CHAPTER XI
OPERATIONS OF THE SECOND AND FIFTH ARMIES

September 28-November 11

King Albert in the field—Great Belgo-Franco-British advance—The last act on the old stage—The prophet of 1915—Renewed advance—Germans desert the coast—Relief of Douai and Lille—The final stage of the subsidiary theatres of war.

We have followed the operations of the three southern British Armies from the first blow on August 8—a blow which Ludendorff has stated made him surrender the last hope of ultimate victory—through all their uninterrupted progress of victory until the final armistice. We shall now turn to the northern end of the British line, where the two remaining Armies, the Fifth in the Nieppe district and the Second in the area of Ypres, were waiting impatiently for their share in the advance. Flanders was a convalescent home for divisions, and there was not a unit there which was not stiff with half-healed wounds, but these Armies included many of the grand old formations which had borne the stress of the long fight, and they were filled with the desire to join in the final phase. Their chance came at last, though it was a belated one.

July.

There were many indications in the third week of July that the Germans had planned one of their great attacks upon the front of Birdwood's Fifth Army in the Nieppe district. The succession of blows which rained upon Hindenburg's line in the south made it impossible, however, for him to attempt a new offensive.
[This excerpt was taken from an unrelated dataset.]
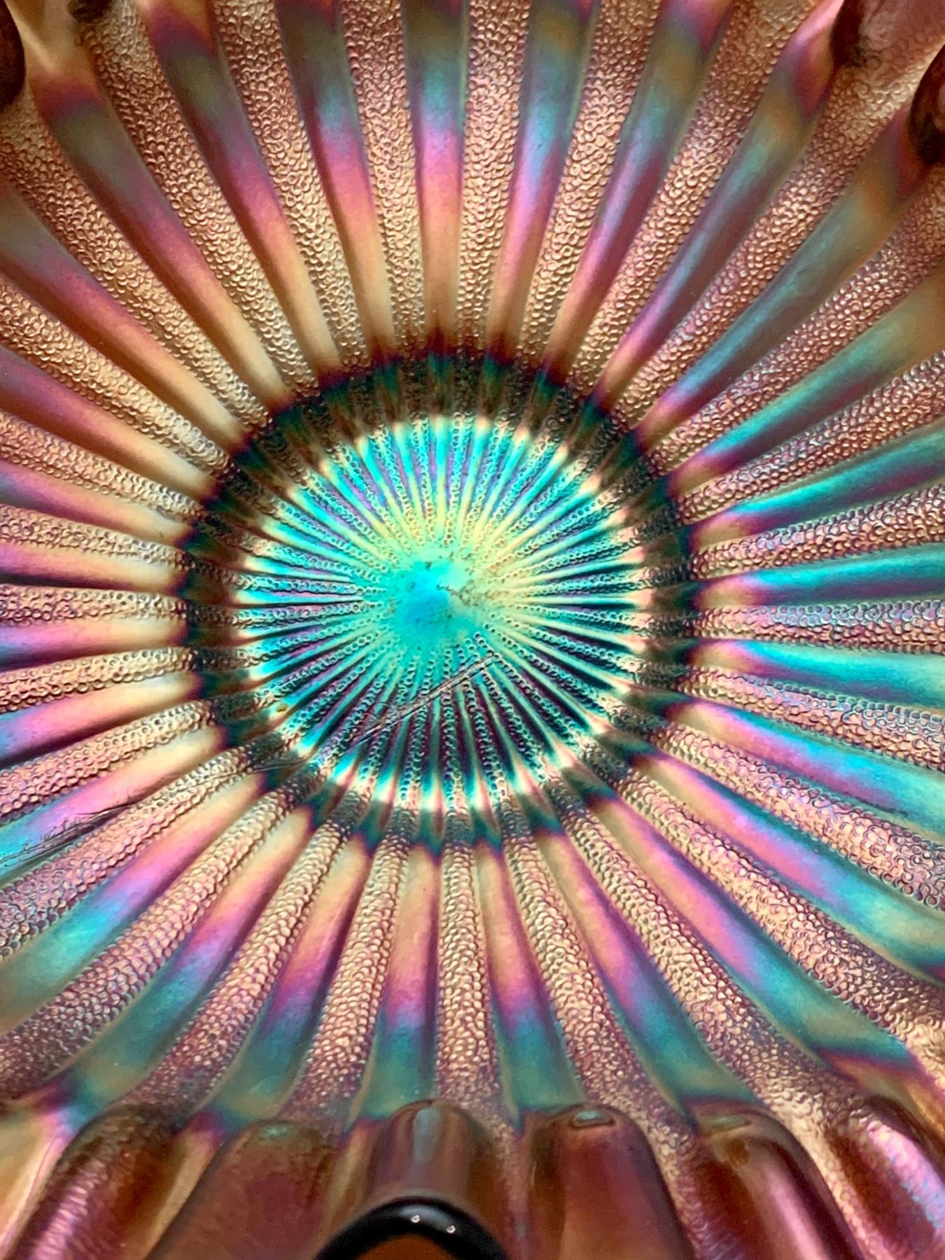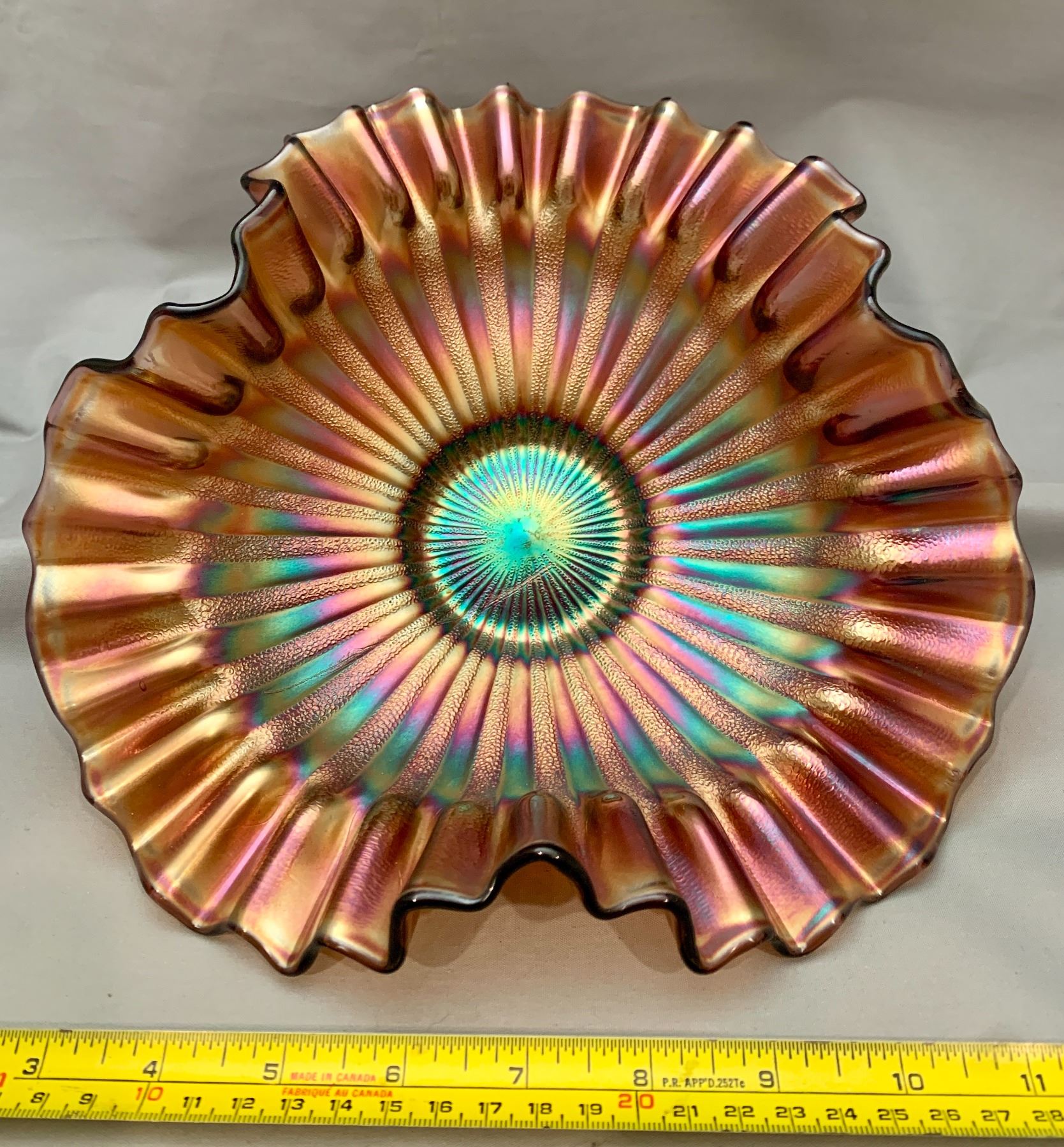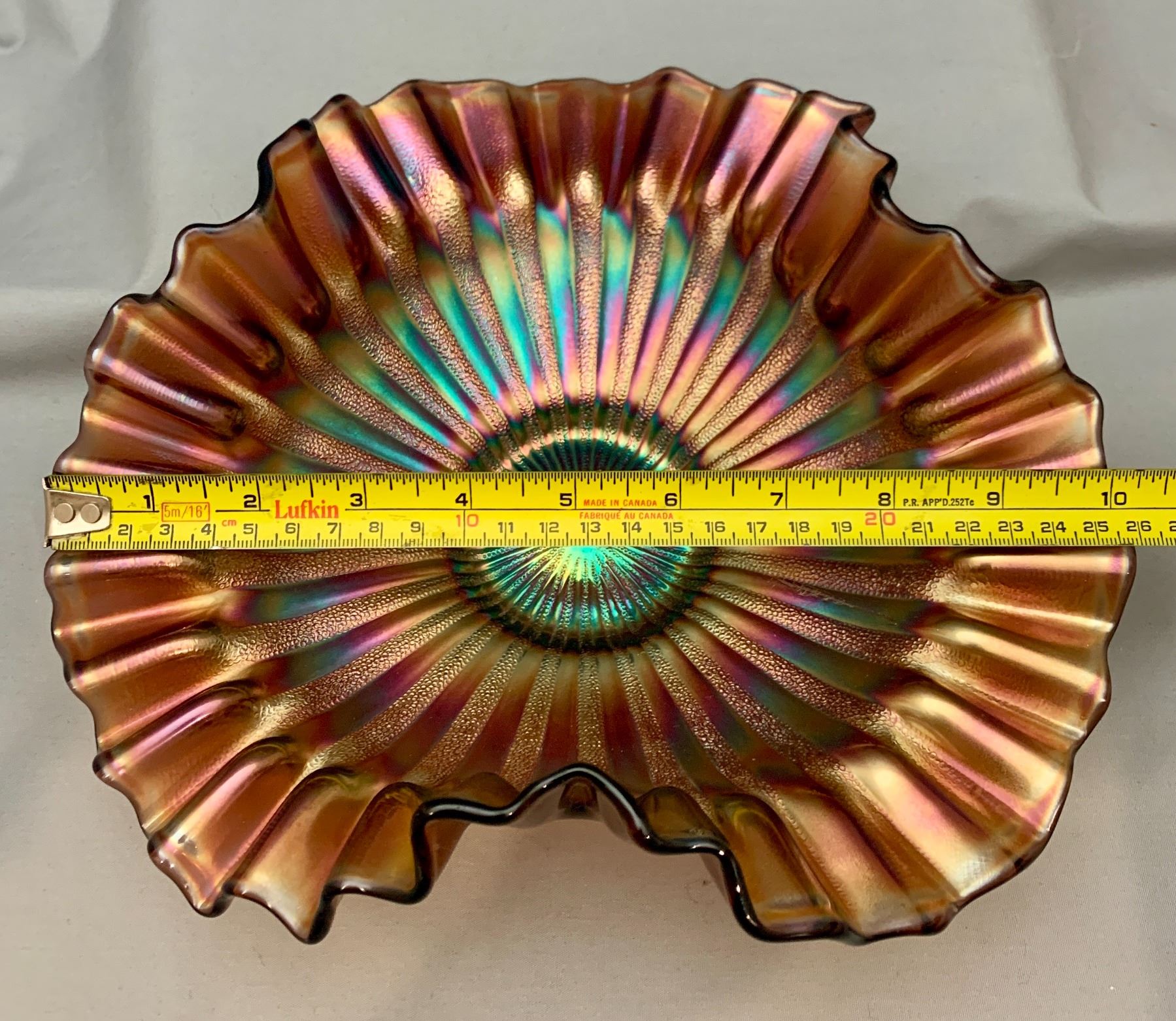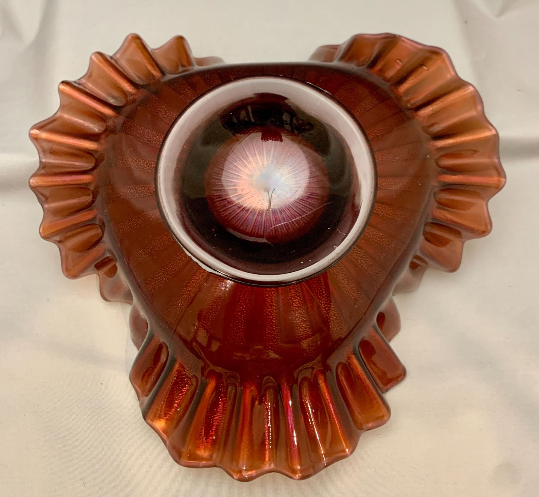 Fenton Amethyst "Stippled Rays" circa 1907 Tri-Corner Crimped-Edge Carnival Glass Bowl - Rare Shape

There was considerable activity along the British line, and a constant nibbling which won back by successive ventures much of the ground which had been gained by the Germans in April. Early in July the Fifth Division, forming the left unit of the Fifth Army, advanced from the edge of Nieppe Forest, where they had lain since their return from Italy, and gained a stretch of ground—the first sign of the coming recoil in the north. To the left of them lay De Lisle's Fifteenth Corps, which moved forward in turn, effecting a series of small but important advances which were eclipsed by the larger events in the south, but reacted upon those events, since they made it impossible for the Germans to detach reinforcements. On July 19 the Ninth Division with a sudden spring seized Meteren with 453 prisoners, while on the same date the First Australian Division occupied Merris to the south of it. On August 9 the movement spread farther south, and the Thirty-first Division took Vieux Berquin. There was a slow steady retraction of the German line from this time onwards, and a corresponding advance of the British. On August 30 the ruins of Bailleul passed into the hands of the Twenty-ninth Division. On September 1 Neuve Eglise was submerged by the creeping tide, while on the 3rd Nieppe also was taken. Finally on September 4 two brigades of the Twenty-ninth Division, the 88th under Freyberg and the 86th under Cheape, captured Ploegsteert by a very smart concerted movement in which 250 prisoners were taken. Up to this date De Lisle's Fifteenth Corps had advanced ten miles with no check, and had almost restored the original battle line in that quarter—a feat for which M. Clemenceau awarded the General special thanks and the Legion of Honour.

Sept. 28.

All was ready now for the grand assault which began on September 28 and was carried out by the Belgians and French in the north and by Plumer's Second British Army in the south. The left of this great force was formed by nine Belgian and five French infantry divisions, with three French cavalry divisions in reserve. The British Army consisted of four corps: Jacob's Second Corps covering Ypres, Watts' Nineteenth Corps opposite Hollebeke, Stephens' Tenth Corps facing Messines, and De Lisle's Fifteenth Corps to the south of it. The divisions which made up each of these Corps will be enumerated as they come into action. To complete the array of the British forces it should be said that Birdwood's Fifth Army, which linked up the First Army in the south and the Second in the north, consisted at that date of Haking's Eleventh and Holland's First Corps covering the Armentières-Lens front, and not yet joining in the operations. The whole operation was under the command of the chivalrous King of the Belgians, who had the supreme satisfaction of helping to give the coup de grâce to the ruffianly hordes who had so long ill-used his unfortunate subjects.